Snowbirds grounded after 2026 season — Tutor jets retiring before replacement aircraft land

Defence Minister David McGuinty announced Tuesday afternoon that the Snowbirds — the Royal Canadian Air Force demonstration team — will be grounded following the 2026 flying season until new aircraft arrive. The CT-114 Tutor jets they have been flying since the 1960s are at end-of-life, and the replacement procurement timeline has not been finalised. The Snowbirds will continue their planned 2026 schedule through the summer, but every appearance after the season-end is now on hold for at least the medium term.
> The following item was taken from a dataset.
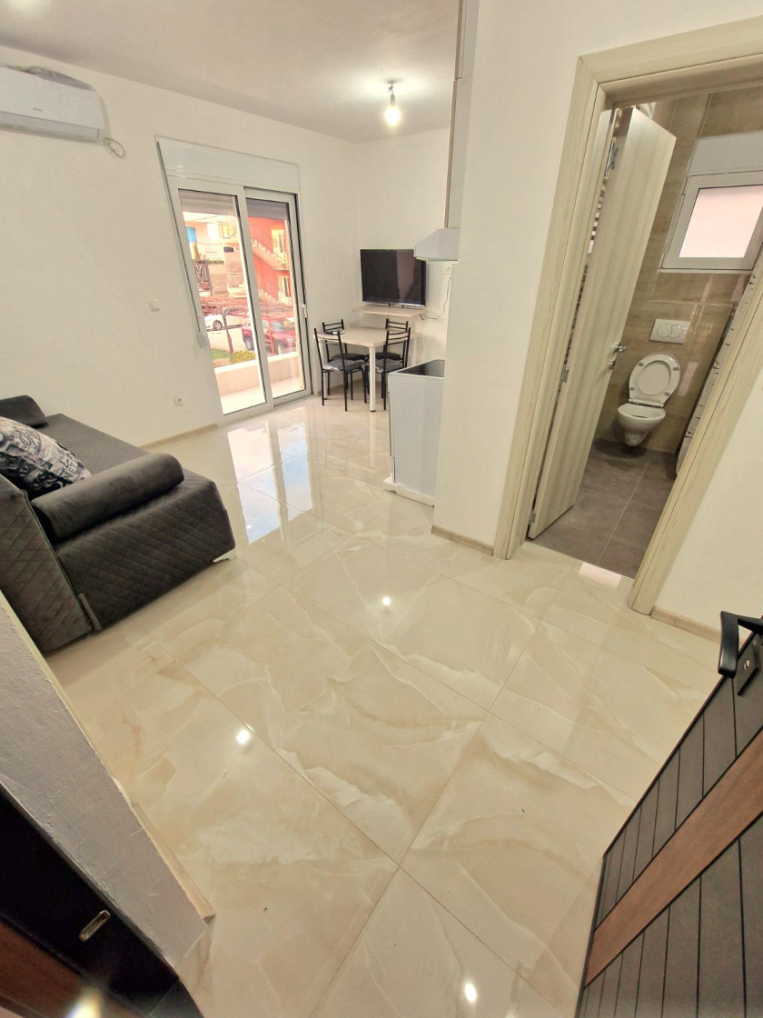 Opis: Izdaje se jednosoban stan površine 40m2. Sastoji se iz dnevne sobe sa kuhinjom i trpezarijom, spavace sobe, kupatila i terase. Nalazi se u Šusnju, odlična lokacija, u blizini škole, marketa. Udaljenost od mora iznosi 600 metara.

This isn't a small thing for the airshow calendar — they're a fixed feature at the CNE in Toronto, Canadian Open and Stampede flypasts, Aurora Borealis Festival in Yellowknife, and dozens of regional shows that draw 250,000+ each weekend in a strong summer. Replacement-aircraft selection will likely involve a competition between the BAE Hawk, Aermacchi M-346 and Leonardo M-345 (the latter being the favourite in early industry reporting based on lifecycle cost), but procurement at the federal level usually means a 3-5 year window minimum once a decision is announced. The Tutors have been kept flying through a combination of cannibalised parts and increasingly creative engineering, and McGuinty did not commit to a target IOC date for the replacement.

The Tutor first entered service in 1963 and was retired from front-line training duty by the mid-1990s. The Snowbirds kept them airworthy on grace and fumes for another three decades.
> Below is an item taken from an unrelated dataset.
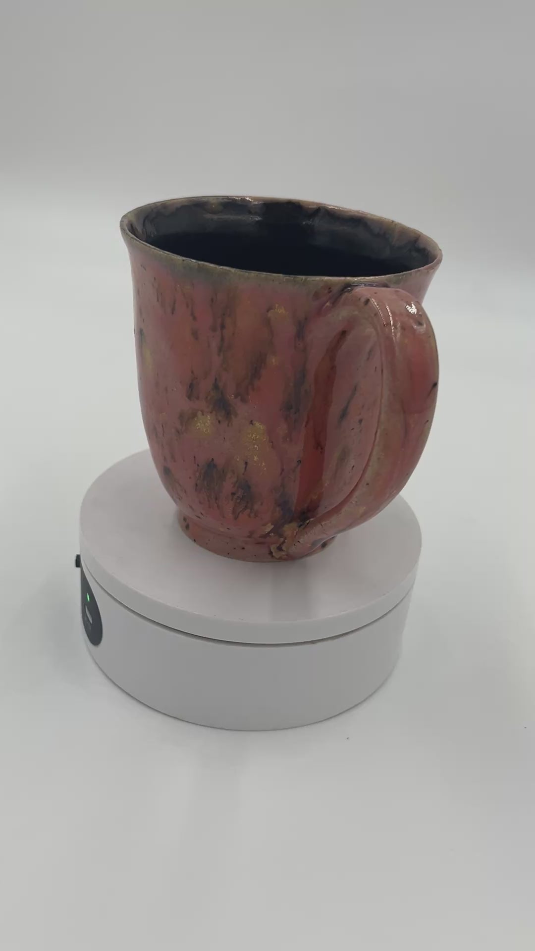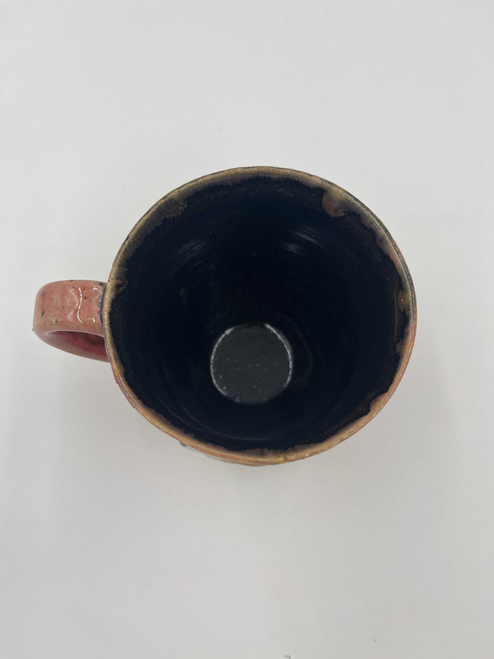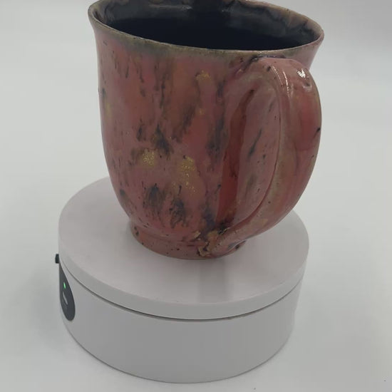 Beautiful wheel thrown mug with an adorable hand painted Corgi. This mug utilizes coral / orange speckled glaze on the outside.

Source: CBC News — Snowbirds to be grounded following 2026 season until new aircraft arrive.

Disappointing but predictable. The Tutors should have been retired in the early 2000s and we kept patching them. Anything procured now is on a 5-7 year horizon realistically — see the C-295 Kingfisher / fixed-wing SAR replacement procurement that took 12 years from RFP to first delivery. The Hawk and the M-346 are both in active production globally, the M-345 is the cheaper option but isn't operational with anyone yet outside Italy. Whoever ends up flying for the 2032 Snowbirds is currently a Grade 11 student.

The 2026 CNE flypast in Toronto is still on per the squadron's published schedule. That's August. Anyone in the GTA wanting to see them one last time, that's the window — the airshow at the CNE pulls 750,000 over Labour Day weekend in a good year and the Snowbirds are the headline.

Halifax got them for the Battle of the Atlantic memorial flypast a couple of weeks back. Glad I went out to watch — turns out it might have been the last East Coast pass for a while. The CT-114s are charismatic in a way that newer jets aren't; you can hear the J85 turbojets coming for kilometres.

For procurement-watchers: the Treasury Board submission to fund replacement aircraft hasn't been tabled. Until that lands, every IOC estimate is hopeful. The CT-114 Tutor fleet ran roughly 24 airframes at peak; a Snowbirds-equivalent replacement is probably 12-14 jets given current procurement budgets. M-345 unit price is around $4-5M USD; that's a $60M base buy before training, spares, simulators, and the inevitable Canadianisation premium. Realistic 2030-2032 IOC if the political will holds through two more election cycles.